Approachable approach: Apart from a lenient view, the addressal of the problems of the taxpayer be handled through a matured system of online and call centres wherein a taxpayer without being asked to disclose his identification can share his problem and can get an answer and sooner we may find a compliant tax base with lesser tax shortfalls.  The model need to be replicated in physical mode in form of help-desks at the government offices to address problems of small tax payers as well who are not much acquainted with technology.

Government should also ensure that GST provisions are made available in form of small booklets and mobile app in regional languages. Even important decisions impacting common tax payers should also be communicated in regional language to ensure effective communication with all stakeholders.

A soft approach:  The initial phase of the implementation shall have teething problem for both tax payer and administration.  While the focus on part of government shall be to properly capture its tax base as well as their transactions, the trouble is no less for taxpayer as he also shall be facing a lot issues in terms of understanding the new law, upgrading his IT infrastructure to meet the requisites of compliance, training his team etc.  These changes may result in errors and omissions on part of the subjects.  Though intentional evasions can never be ruled out but it is also to be believed that most of the taxpayers are not evaders and thus, an initial moratorium be allowed to all at-least for six months where when pointed out, and when tax and interest is paid by the tax payer, penalty proceedings should not be initiated against them.
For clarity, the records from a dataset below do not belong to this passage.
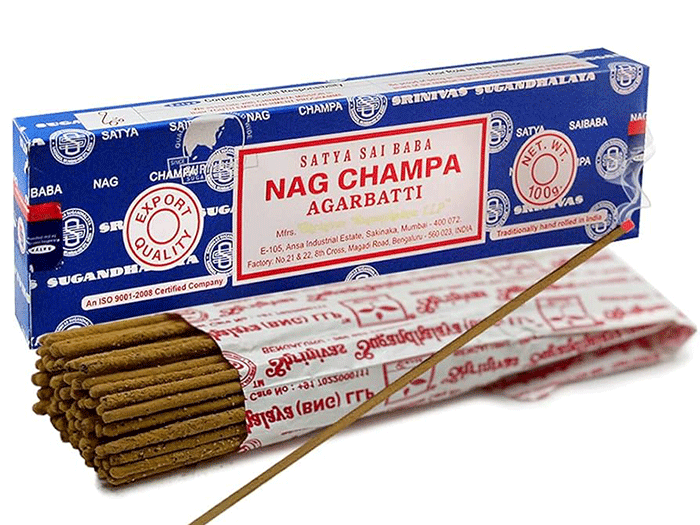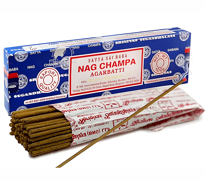 Gre za tradicionalno modro različico dišeče palčke indijskega duhovnega učitelja Satye Sai Baba. Originalne dišeče palčke Nag Champa Satya Sai Baba so prva skrivnostna receptura družine Setty, ustanoviteljice podjetja Shrinivas Sugandhalaya. Vonj je prestal preizkušnje časa, kot najbolj oboževan vonj flore po vsem svetu. Vonj je močan in harmoničen, daje navdih za sprostitev in odstiranje skrivnosti meglenega jutra. Dišeča zmes smol, gum, začimb, cvetlic in olj, ki ohranjajo čudovito aromo še dolgo po uporabi. Modre Sai Baba Nag Champa dišeče palčke se uvrščajo med visoko kvalitetne in hkrati med najbolj priljubljene dišeče palčke širom po svetu.
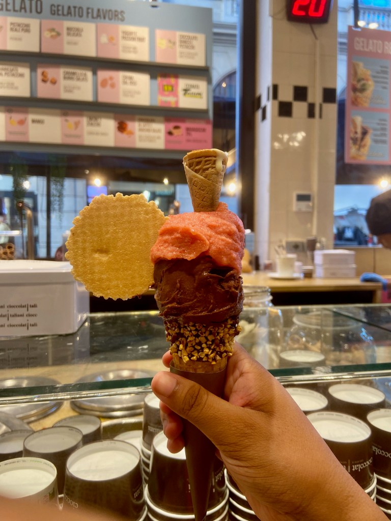 After exploring the cathedral we decided to walk to get some, what else, gelato! This time we decided to visit the famed Cioccolatitalini. Apparently a lot of people had the same idea and it was extremely crowded. We got their artisan ice cream cones and milk shakes that were too good to be true and then walked over to Piazza della Scala.
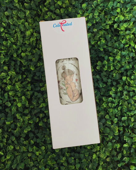 This design captures the tender power of motherhood with a graceful illustration of a mom holding her baby, surrounded by gentle florals, soft hearts, and leaves that symbolize growth and deep connection.
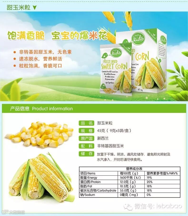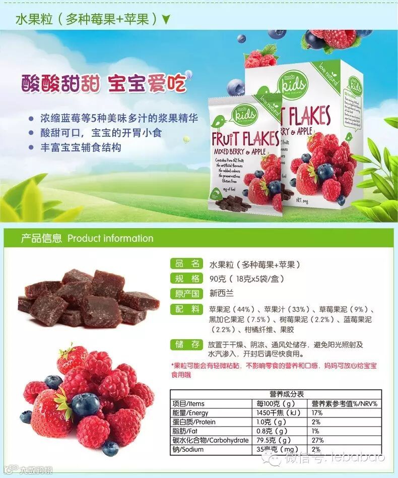 新品!恬爱 新西兰进口宝宝零食
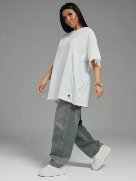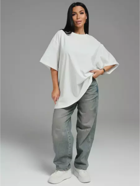 Ряд: 44-66, Состав: 100% х/б, Ткань: кулирка, Цвет: молочный Описание Футболка oversize с коротким втачным рукавом.
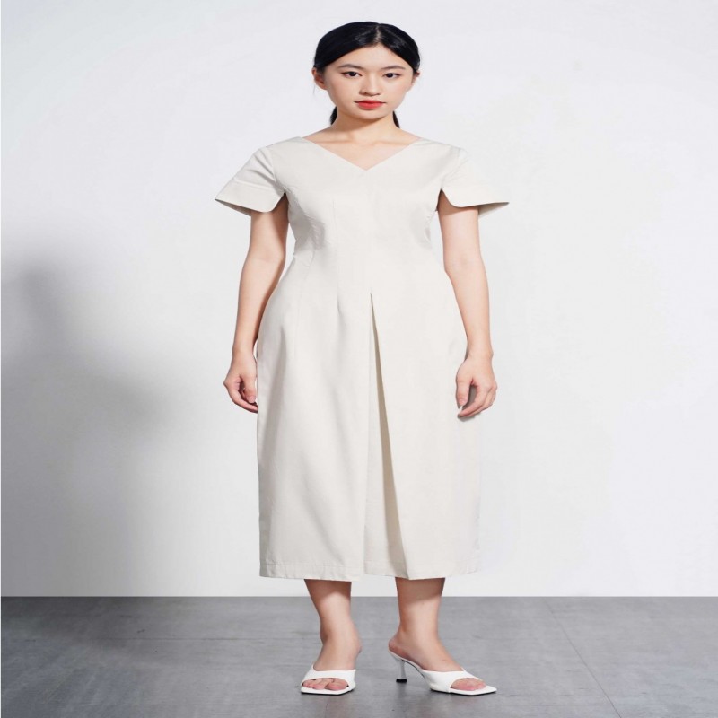 A-LINE SHORT-SLEEVE COTTON FITTED DRESS - 10S21DREW014
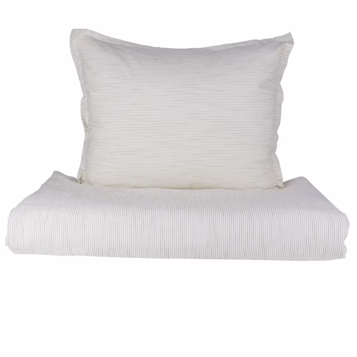 Benvitt bäddset med ett beige lite vågigt smalrandigt tryck.
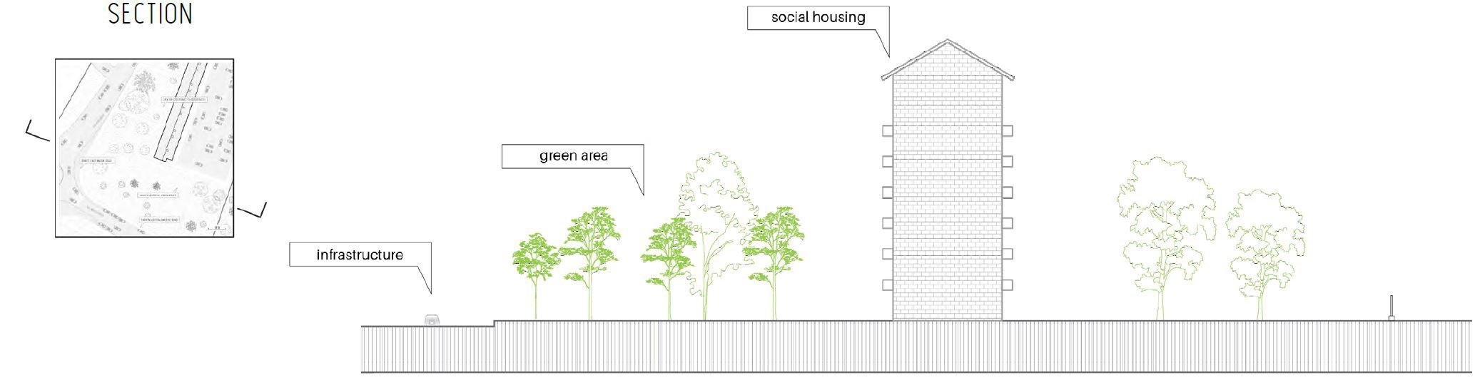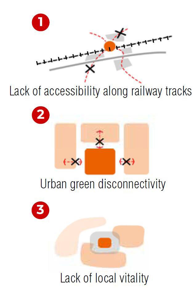 However, the large scale buildings come up with high potential for green roof. The structure of elevated railway can be adapted for green walls. The new development will brings activities in.

Check on rise in commodity pricing: A basic fear which has grasped the minds of the citizens before the advent of GST is the rise in prices of basic commodities.  Thus, it becomes imperative on part of both Central and State governments to ensure check on commodity prices, particularly food items and medicines and if need be to take counter measures like maintaining stock and ensuring their availability through mass distribution mechanism.

To conclude:

Though each stakeholder might have hundreds of idea to make this proposed legislature better, however, the need of the hour is to provide ideas to make it a success.  Though each of the stakeholders is important, however, being the biggest stakeholder, government need to play the most important part to support all its subjects during this most challenging transformation of Indian Indirect taxation.